Justin Dwinell (October 28, 1785 Shaftsbury, Bennington County, Vermont – September 17, 1850 Cazenovia, Madison County, New York) was an American lawyer and politician from New York.

Life
He was the son of Stephen Dwinell (1745–1801) and Susanna (Olin) Dwinell. He attended Williams College, and graduated from Yale College in 1808. Then he studied law in Troy with John D. Dickinson, was admitted to the bar in 1811, and commenced practice in Cazenovia. On September 12, 1813, he married Louise Whipple, and they had nine children, among them California Assemblyman John W. Dwinelle (1816–1881).

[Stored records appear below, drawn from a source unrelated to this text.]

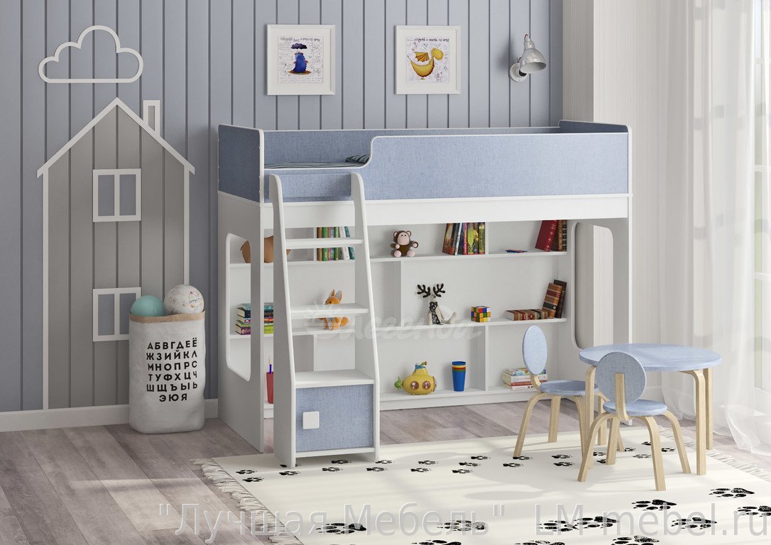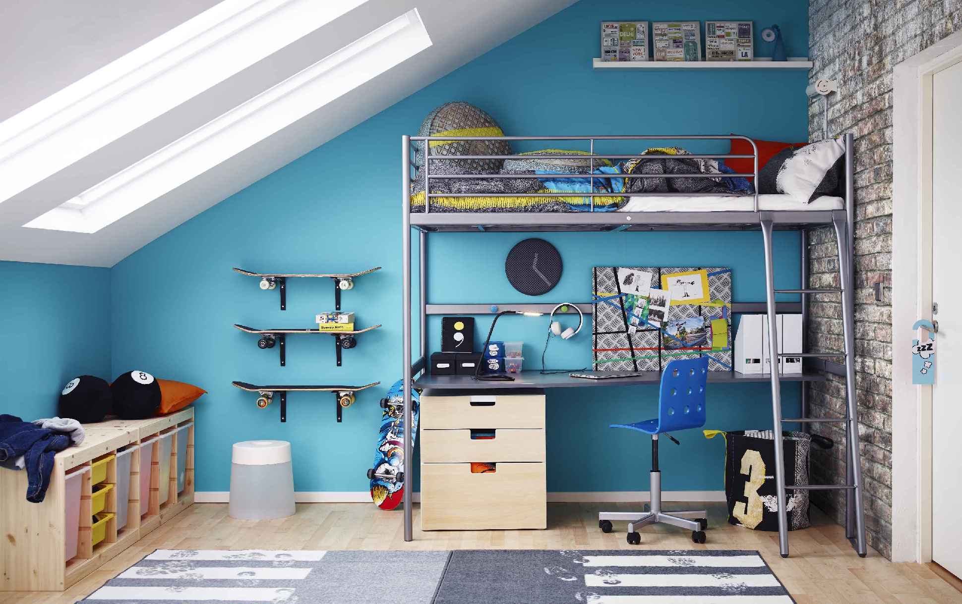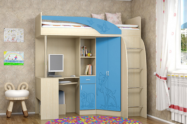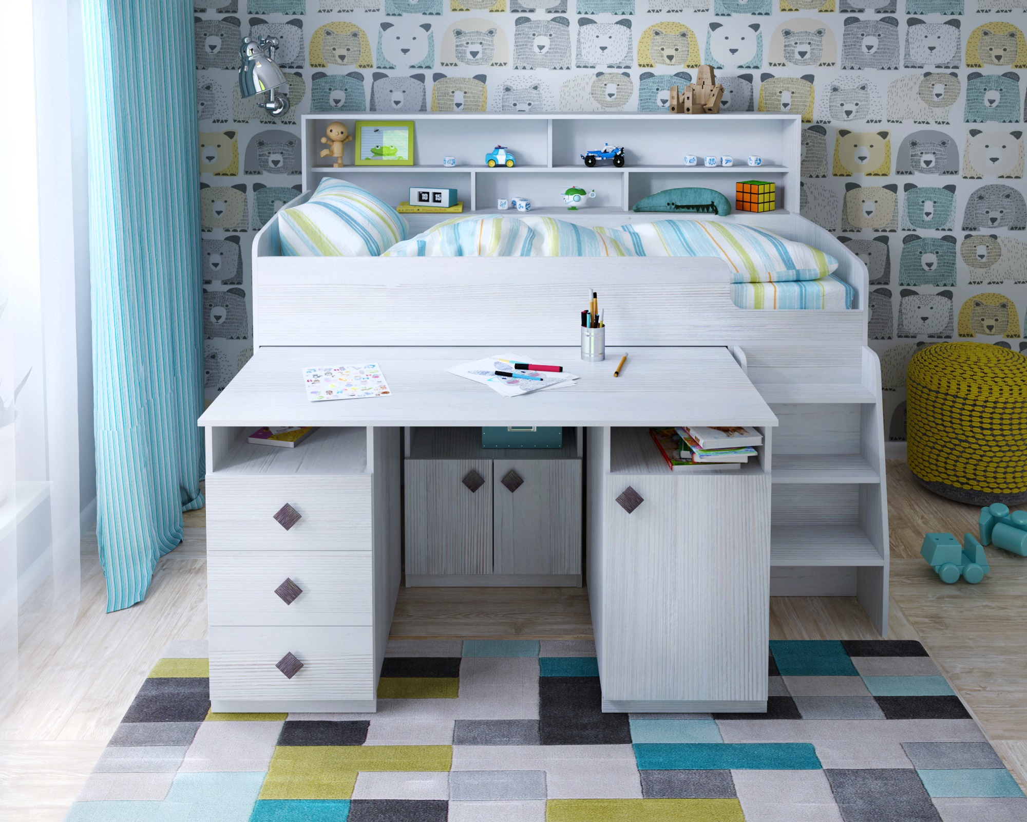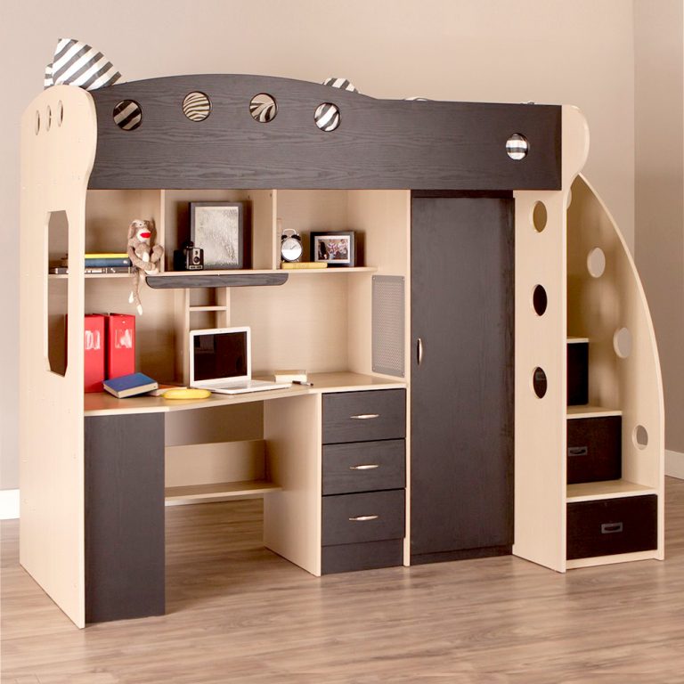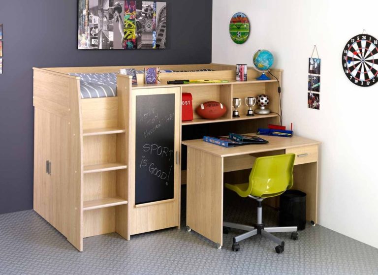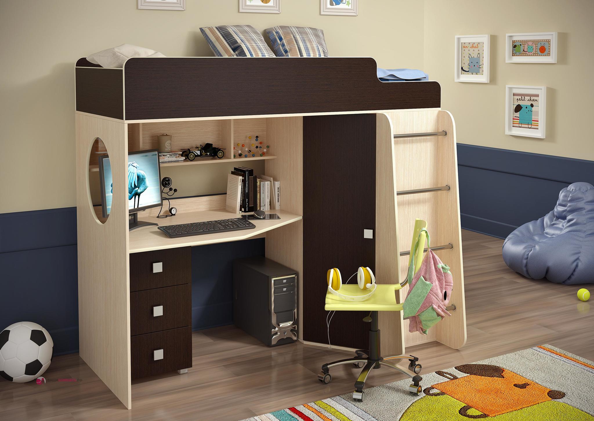يوجد سرير علية بمساحة للعمل على الكمبيوتر أو مكتب للكتابة بالقرب من النافذة. يُنصح بترتيب الأثاث بحيث يسقط ضوء النهار على المنضدة من الجانب الأيسر (للأشخاص الذين يستخدمون اليد اليمنى والعكس صحيح). إذا لم يكن ذلك ممكنًا ، فتأكد من أن المنطقة السفلية في مكان مضاء جيدًا بواسطة المصباح.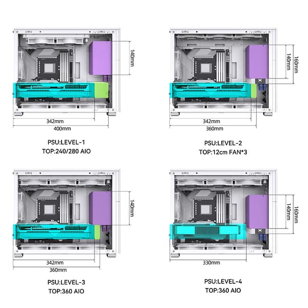 Com suporte para fontes SFX e ATX , suporte para gráficas até 400mm, mas que será limitado consoante a posição da fonte e tamanho da fonte.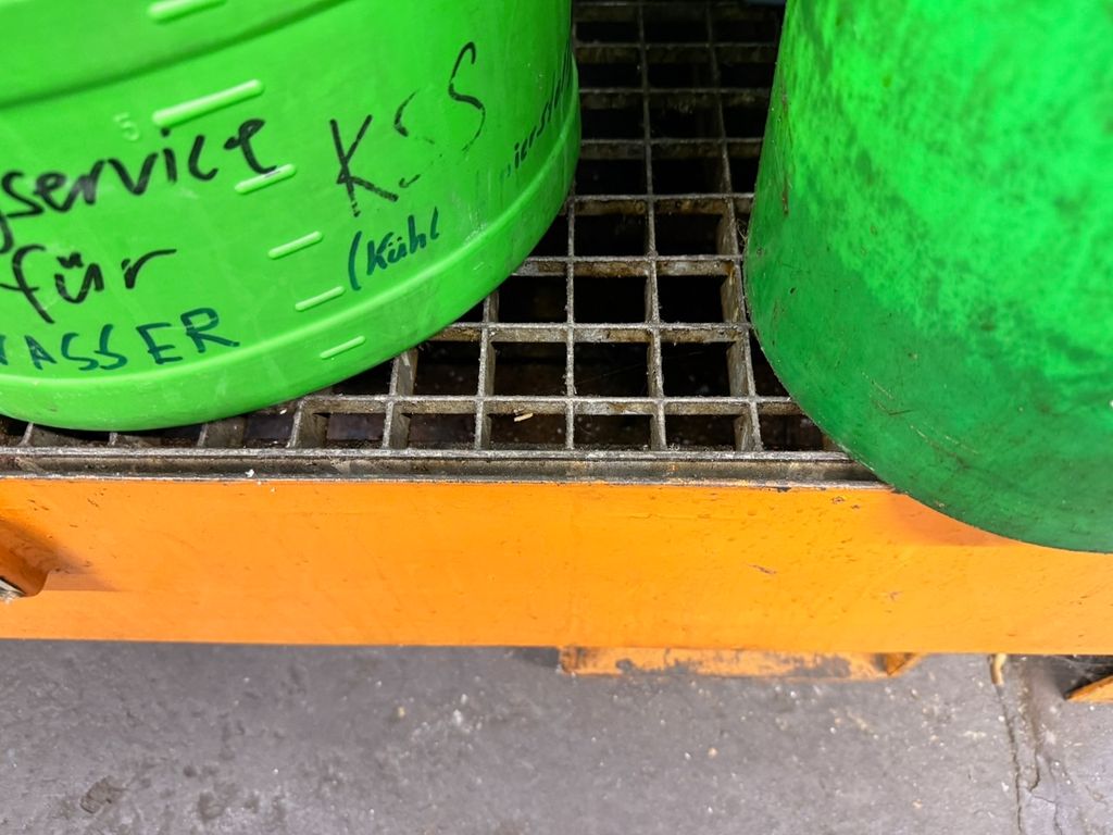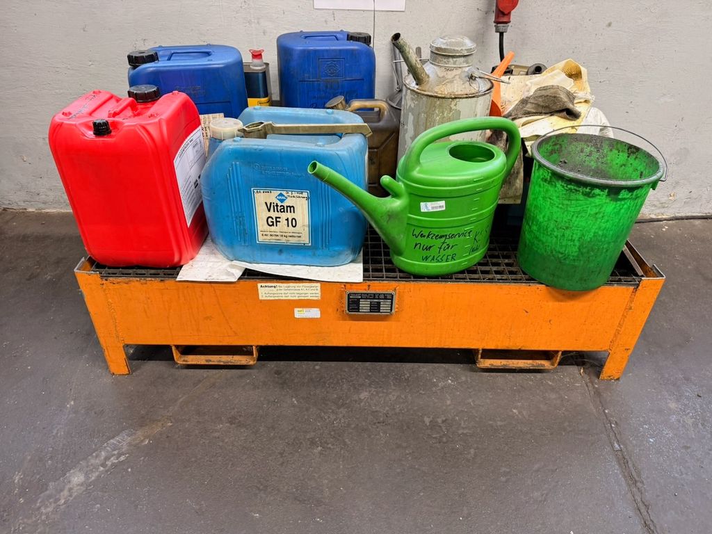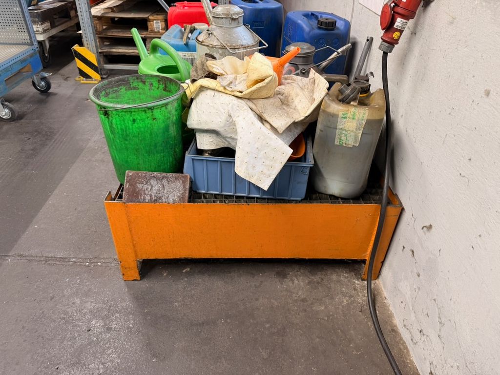 Stationäre Auffangwanne aus Stahl zur Lagerung von Flüssigkeitsbehältern. Geeignet zum Auffangen von Leckagen und Tropfverlusten. Ausführung mit Gitterrost. Gebraucht, mit alters- und nutzungsbedingten Gebrauchsspuren (Lackabplatzer, Verschmutzungen).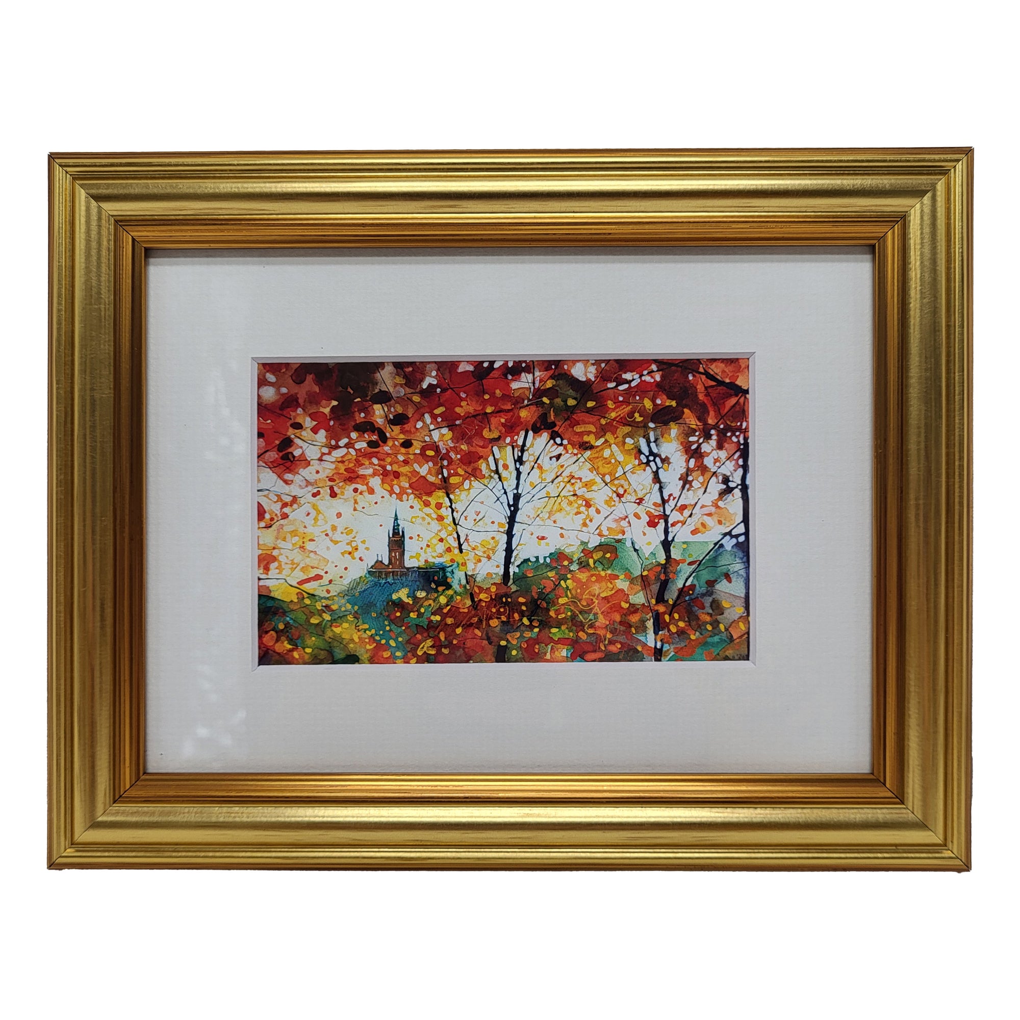 An autumnal view of the spectacular University of Glasgow. From an original watercolour painting.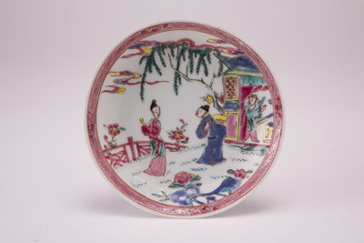 Wit schoteltje met op de voorzijde een famille rose decor met lijzen, Van Diepencollectie, JMD-P-1639 |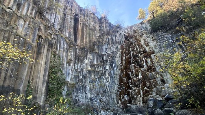Sinop'un Boyabat ilçesi Kurusaray köyünde volkanik patlama sonucu yaklaşık 5 milyon yıl önce oluştuğu tahmin edilen bazalt kayalıkları, ziyaretçilerini sonbahar renkleriyle karşılıyor

Justin Dwinell was member of the New York State Assembly (Madison Co.) in 1820–21 and 1822. He was First Judge of the Madison County Court from 1823 to 1828.

Dwinell was elected as a Crawford Democratic-Republican to the 18th United States Congress, holding office from March 4, 1823, to March 3, 1825. He was District Attorney of Madison County from 1837 to 1845.

He was buried at the Evergreen Cemetery in Cazenovia, New York.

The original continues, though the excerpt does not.